- [DATA SUPPLIED]:
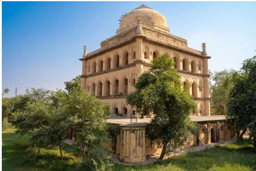
Fateh Jung gumbad

However, my biggest surprise there was the Alwar Quila - located on top of a hill with a fantastic view of the town below. The Qila was built on the foundations of a 10th century mud fort and is a must-visit destination here. The guards there are a little bit difficult and it takes a bit of convincing for them to allow you access to the entire complex. Do whatever it takes because the walk in the fort is delightful.
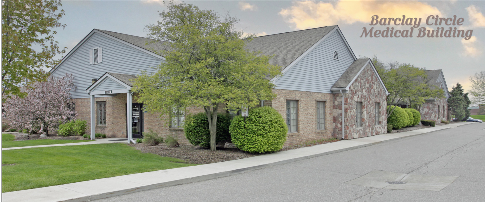
Barclay Circle Medical Building
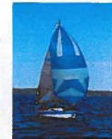
Sailing on Cold Lake
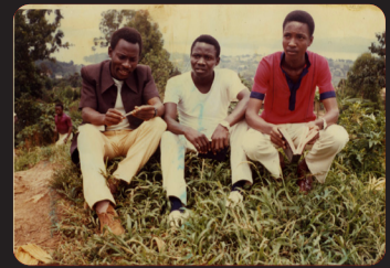
JULE ET FRÈRE
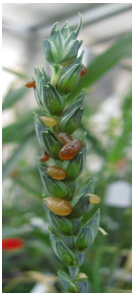
"Honeydew" containing conidia exuded from infected wheat florets

Large-scale transcriptomics studies, comparing gene expression in different female parts of the wheat flower over time, and in C. purpurea are being used to determine how the pathogen changes the cellular and biochemical environment of the plant to achieve infection and reproduce, and to determine what molecular functional processes wheat deploys to reduce pathogen infection.

- [TASK INSTRUCTIONS]:
Return each line of the material above in which the string "wheat" appears.

- [RESPONSE TO THIS TASK]:
"Honeydew" containing conidia exuded from infected wheat florets
Large-scale transcriptomics studies, comparing gene expression in different female parts of the wheat flower over time, and in C. purpurea are being used to determine how the pathogen changes the cellular and biochemical environment of the plant to achieve infection and reproduce, and to determine what molecular functional processes wheat deploys to reduce pathogen infection.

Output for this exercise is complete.